WSI Weather 6-10 Day Outlook

Warm and dry conditions to continue over the West next week

Summary
The warmest temperatures and the most persistent warmth next week are still anticipated over interior California and the interior western U.S. Medium range models feature persistent ridging over the western U.S. and suggest the warm and dry conditions that have been prevalent over these regions for most of the summer-to date will continue. In response, widespread highs in the 80s and 90s are once again expected to be the rule for interior California and the interior western U.S. most of next week.
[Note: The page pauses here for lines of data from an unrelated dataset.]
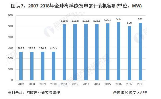 發(fā)電在可再生能源發(fā)電中所占比例最小,大多數海洋發(fā)電項目側重于規(guī)模相對較小的示范項目和不到1MW的試點項目。2018年,全球新增的海洋發(fā)電裝機容量約2MW,總裝機容量約532MW。兩次潮汐攔蓄作用占總數的90%以上,發(fā)展活動遍布世界各地,但主要集中在歐洲,特別是蘇格蘭海岸,2018年在那里部署了大量的潮汐渦輪機。海洋能源的資源潛力空間很大,但盡管經過幾十年的發(fā)展努力,它在很大程度上仍未得到大規(guī)模的開發(fā)利用。
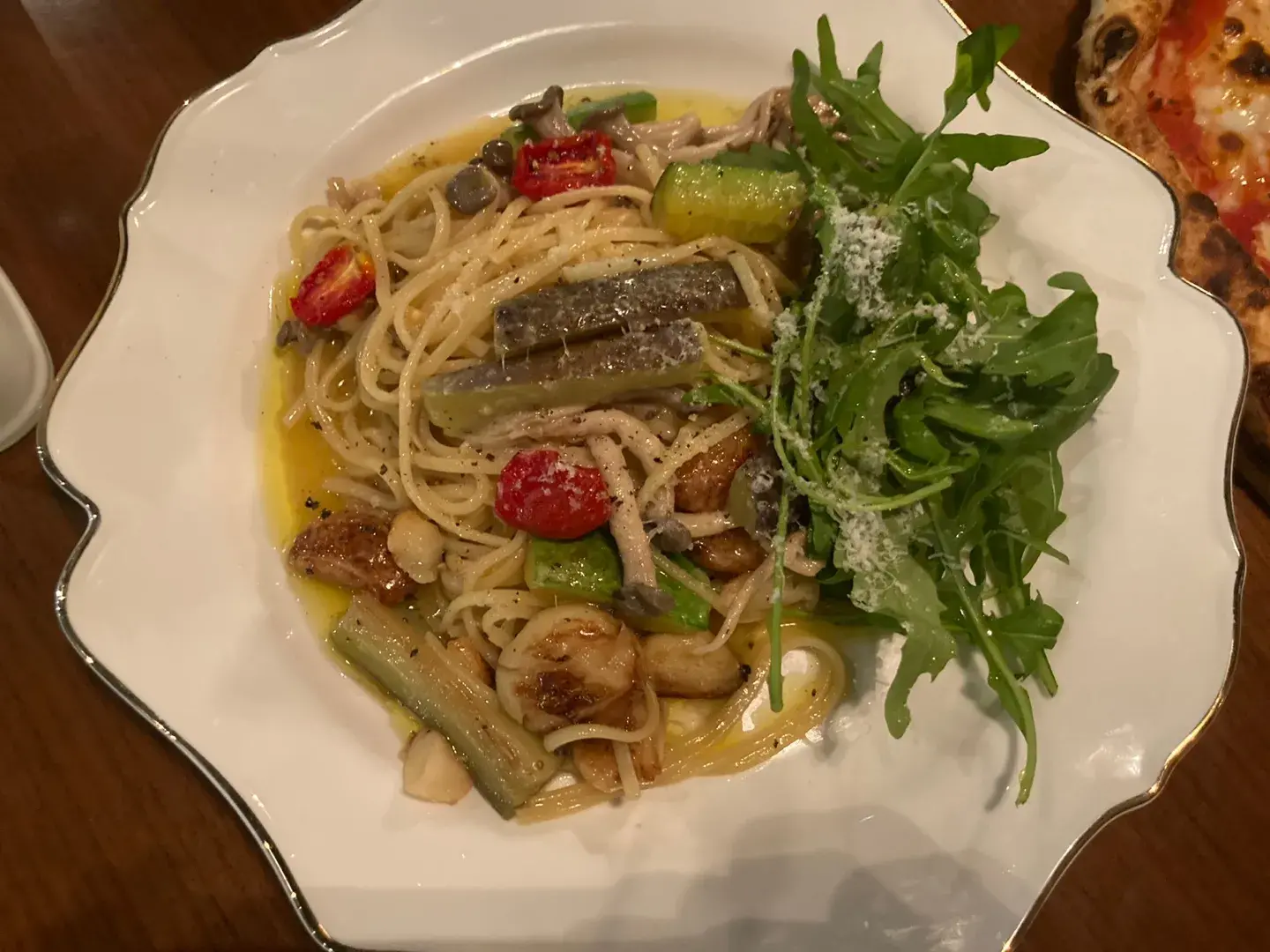 재료가 많이 들어가서 씹는 맛이 있는 파스타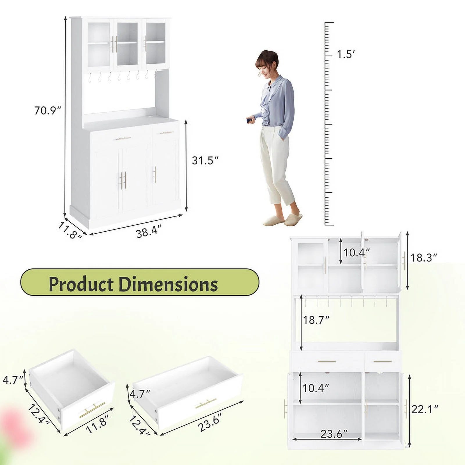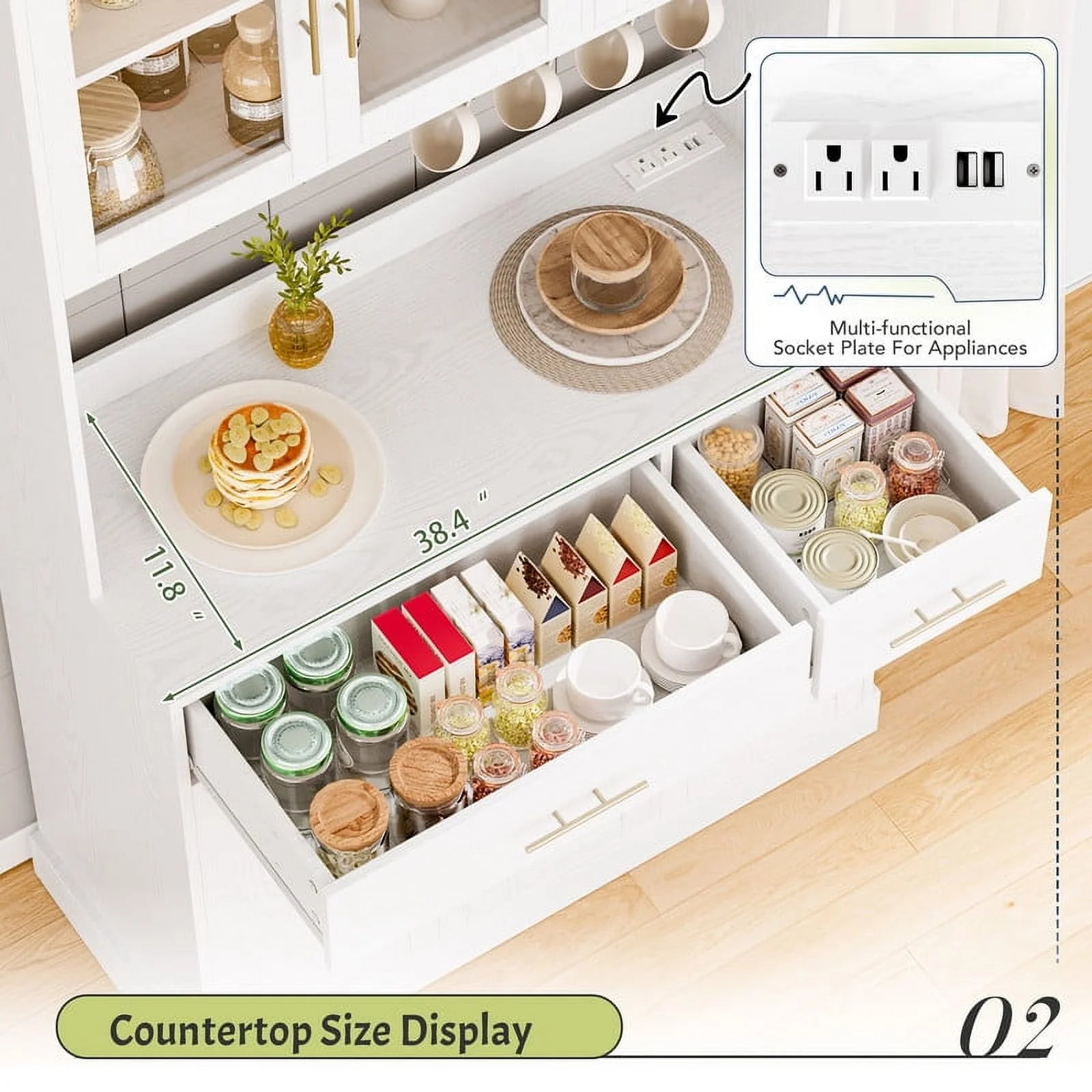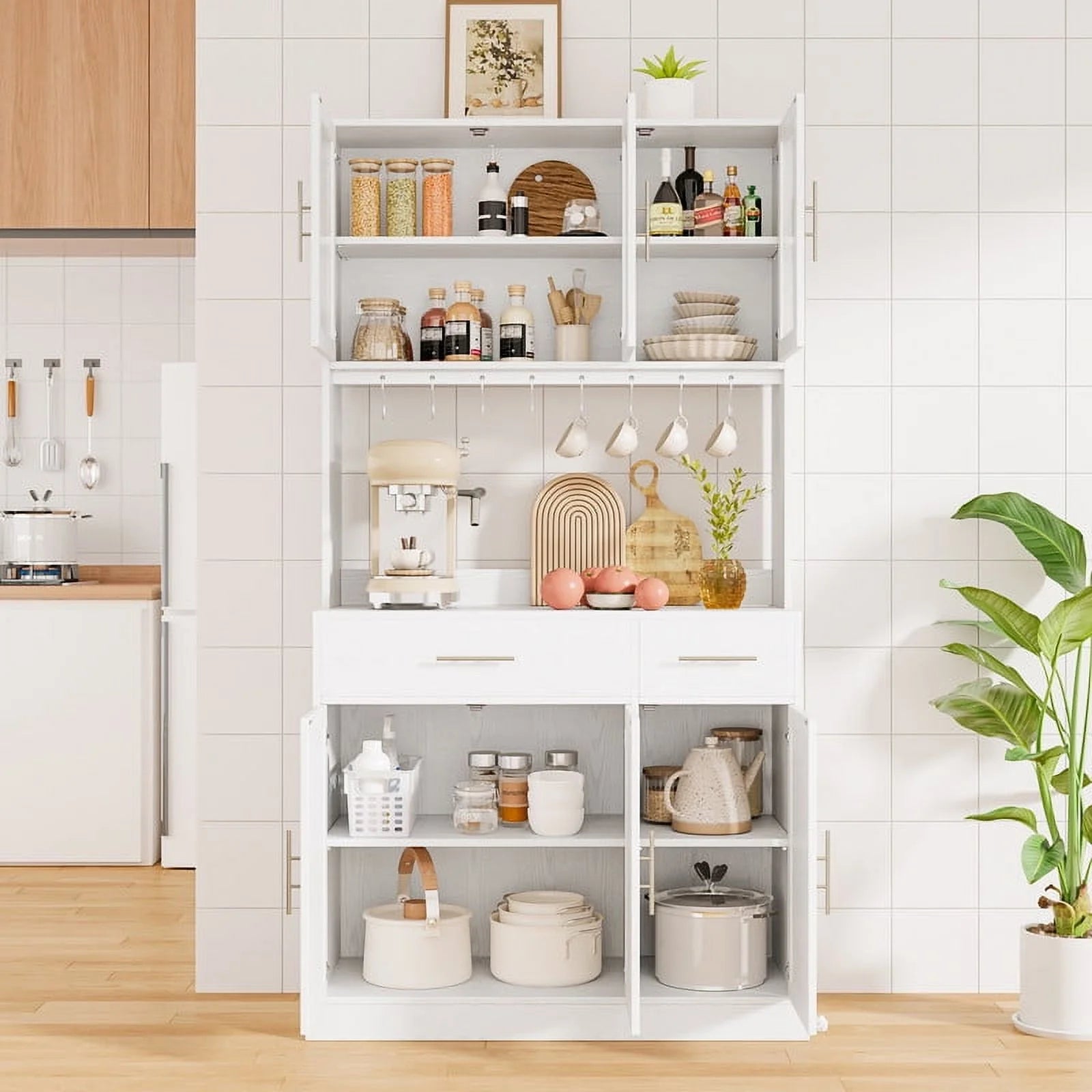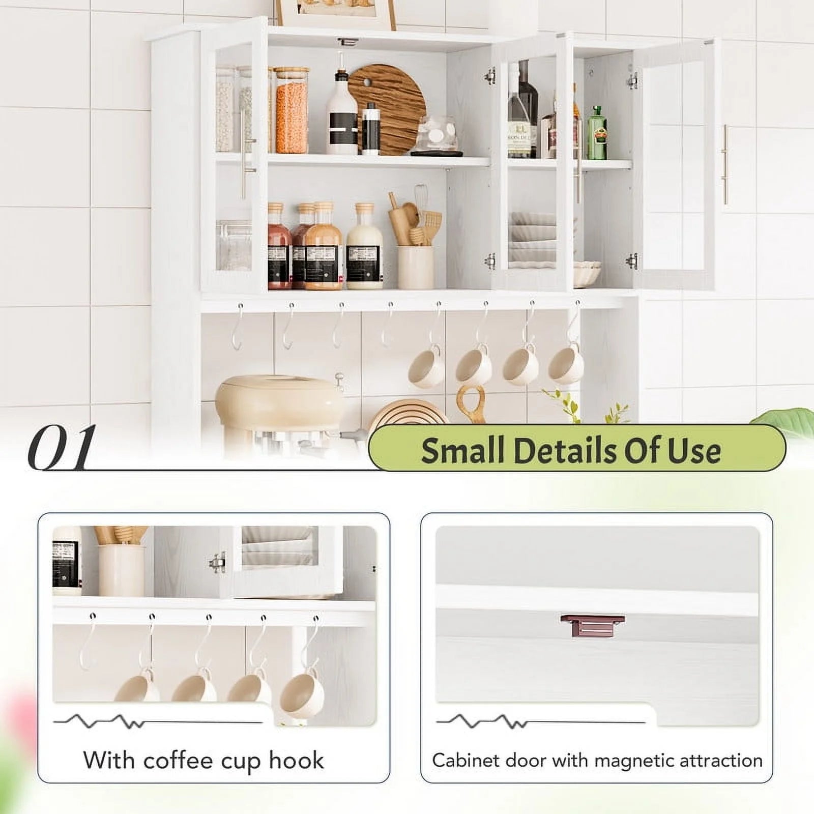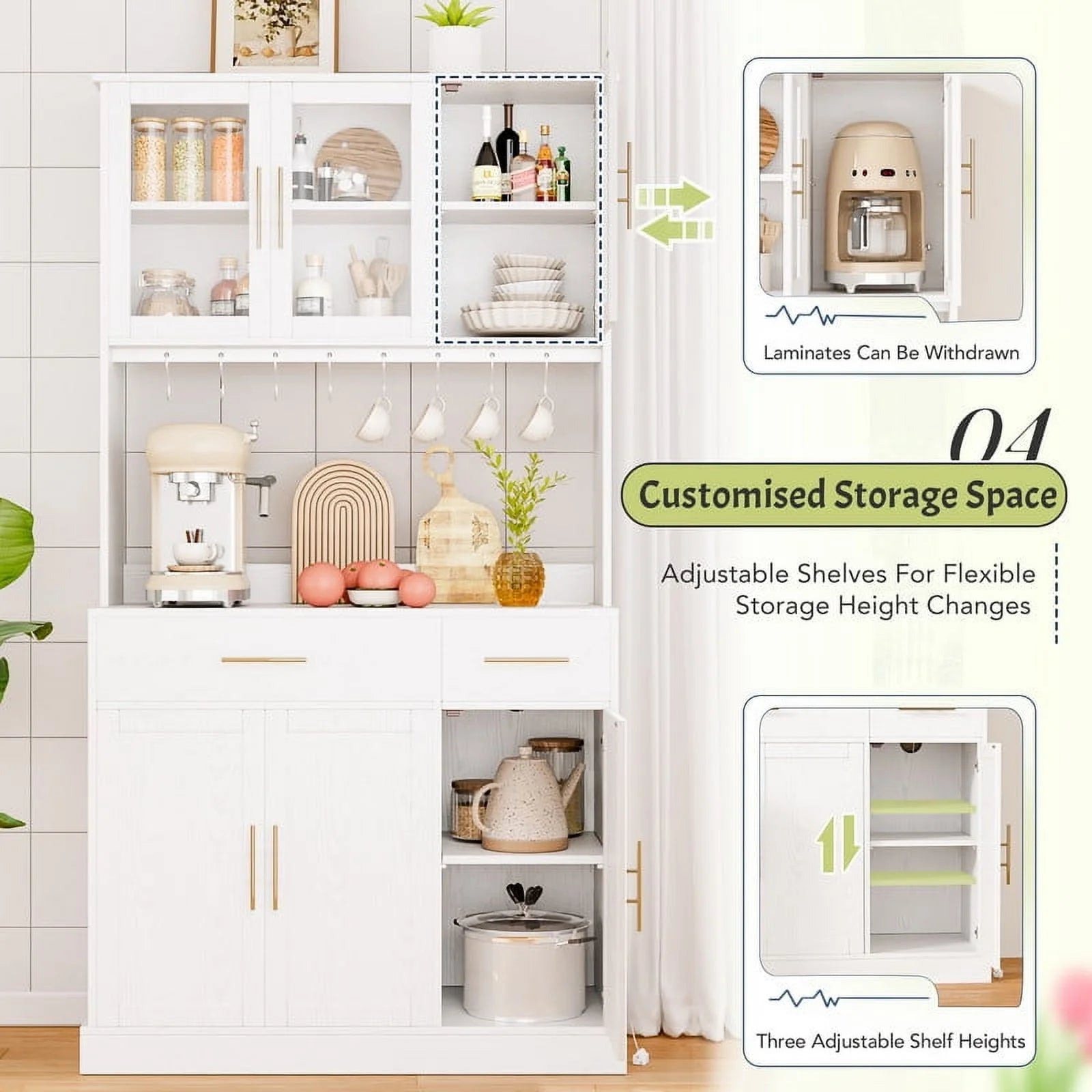 - Spacious Storage Space: Featuring multiple adjustable shelves, drawers and cup hooks, it allows you to easily organize kitchen utensils, small appliances, coffee mugs and various other items.

The coldest temperatures and the most persistent cold weather are anticipated over the north central U.S. Medium range models feature a redeveloping trough over the central U.S., and, while some moderation is possible at times, suggest the cold weather will continue the next 7-10 days. In response, highs in the 60s and 70s are forecast over the northcentral U.S. during the next week and 6-10 day forecast periods. Daytime highs may even struggle to reach 60 degrees in the coldest locations on the coldest days. The forecast remains more uncertain for the eastern half of the country than it is for the West. Medium range models continue to display notable technical differences regarding the impacts tropical activity in the western Atlantic (Ike) will have on eastern U.S. While notable differences still exist between the models as to timing of cold fronts and other short-wave features, the one thing that all models agree on is that a Hanna, Ike, and a series of cold fronts will bring and end of the late summer warmth currently centered over the eastern U.S. In response, highs in the 70s and 80s are forecast to become more common place over the eastern U.S. next week. The coolest readings will likely occur over towards the latter half of the week, when portions of New England may see highs struggle to reach 70 degrees. Elsewhere across the country (the Pacific Northwest, Gulf Coast, and southwestern U.S., temperatures are expected to average close to seasonable readings most of next week.

WSI Storm Update

Days 1-3:
(HANNA): Hanna is expected to make landfall near Wilmington, NC Friday night then race northeastward along the Mid-Atlantic and New England coast later Saturday-Sunday. (IKE): Ike is forecast to turn westward/southwestward over the next few days in response to a building high pressure ridge around Bermuda. Most models take Ike near or over the Bahamas by Sunday. All global models now curve Ike northward after reaching the Bahamas due to a significant break forecast in the high pressure ridge off the Southeast US coast. The ECMWF has the leftmost solution...taking the center in across southeast Florida then hooking northeastward. The GFS is the furthest east...missing the Bahamas and calling for Ike to pass between the Carolinas and Bermuda. The NOGAPS and GEM are essentially in between the GFS and ECMWF. The ECMWF had a left bias with many recent storms and the GFS initialized Ike too weak...therefore, a blend of the global models is preferred in the medium range. Upper level winds will remain favorable for Ike to at least maintain Category IV status today. Northeasterly shear over the weekend will likely cause some weakening but Ike should remain a strong hurricane. As the steering flow relaxes early next week...Ike may have another opportunity to intensify. Most of the intensity guidance reflect this scenario with a notable exception being the HWRF which ramps Ike up to a Category V storm and essentially holds it at that intensity through the period.

Days 4-7:
(JOSEPHINE): Tropical Storm Josephine is forecast to weaken over the week as it encounters a fairly strong mid-upper level low over the Central Tropical Atlantic. The GFS dissipate the storm by early next week with the ECMWF taking Josephine well northeast of the Leeward Islands by later next week. At this time, it appears Josephine will not make it into the western Atlantic. (OUTLOOK): An unseasonably deep trough of low pressure is forecast to extend across the Eastern Atlantic with the base as far south as the Cape Verde Islands early next week. The trough will provide very unfavorable conditions for further waves to develop off the west coast of Africa through the middle of next week.

Conclusion

Natural gas today posted a noticeable recovery by closing positive after retesting existing lows near the $7.0 benchmark with $7.02 now remaining as a key support and a double bottom. Near term I anticipate some follow-through upward momentum to possibly challenge a near-term resistance at $7.60 scaled up to $7.75 before the market may run out of steam on short covering before the weekend with some lingering storm threat as we enter peak hurricane season. Also supporting the market is the fact that values have become grossly technically oversold and there may be some bullish influence as petroleum values may also experience a short-term rebound and thus providing sympathy trade support. Look for intermediate support on pullbacks at $7.20 scaled down to the existing lows.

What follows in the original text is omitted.